----- DATASET EXTRACT -----

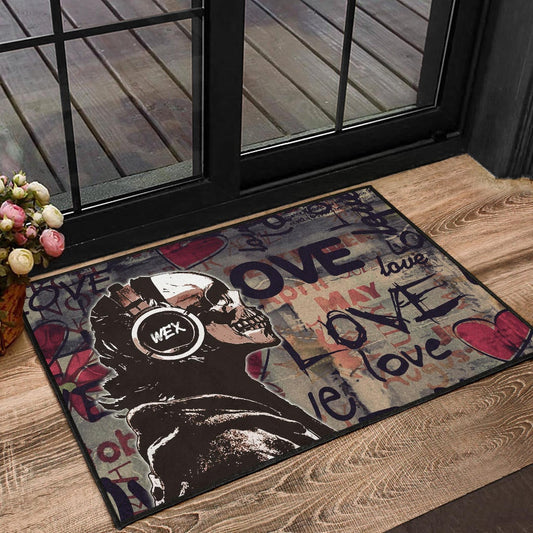 Love Door Mat - Introvert Skeleton Wearing Headphone Love Patterns Door Mat
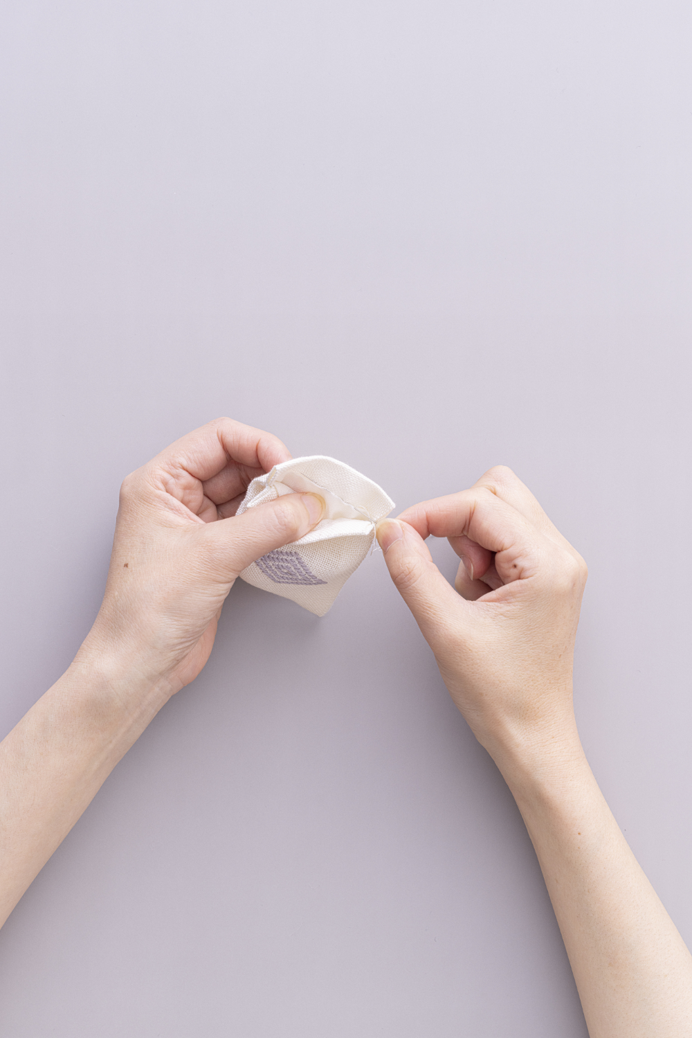 - Das Futter in das Säckchen stecken und an der Umschlagkante festnähen.
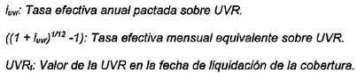UVRi: Valor de la UVR en la fecha de liquidación de la cobertura.
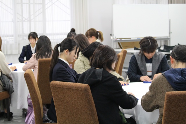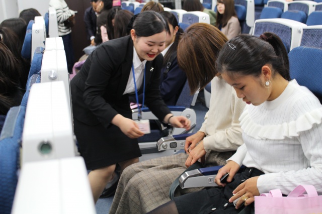『劇場型キャンパス見学ツアー』と題し、ファッション、医療事務、ホテル、エアラインの各コースの授業で使用している教室をめぐり、それぞれの教室で在学生によるプチ授業も経験していただきました。それぞれのコースでどのようなことをしているのか、興味をもっていただけたのではないでしょうか。

-----

> **AIM OF THE TASK**: Give back the full listing exactly as written, only without its pictures.

> **EXERCISE SOLUTION**:
 Love Door Mat - Introvert Skeleton Wearing Headphone Love Patterns Door Mat
 - Das Futter in das Säckchen stecken und an der Umschlagkante festnähen.
UVRi: Valor de la UVR en la fecha de liquidación de la cobertura.
『劇場型キャンパス見学ツアー』と題し、ファッション、医療事務、ホテル、エアラインの各コースの授業で使用している教室をめぐり、それぞれの教室で在学生によるプチ授業も経験していただきました。それぞれのコースでどのようなことをしているのか、興味をもっていただけたのではないでしょうか。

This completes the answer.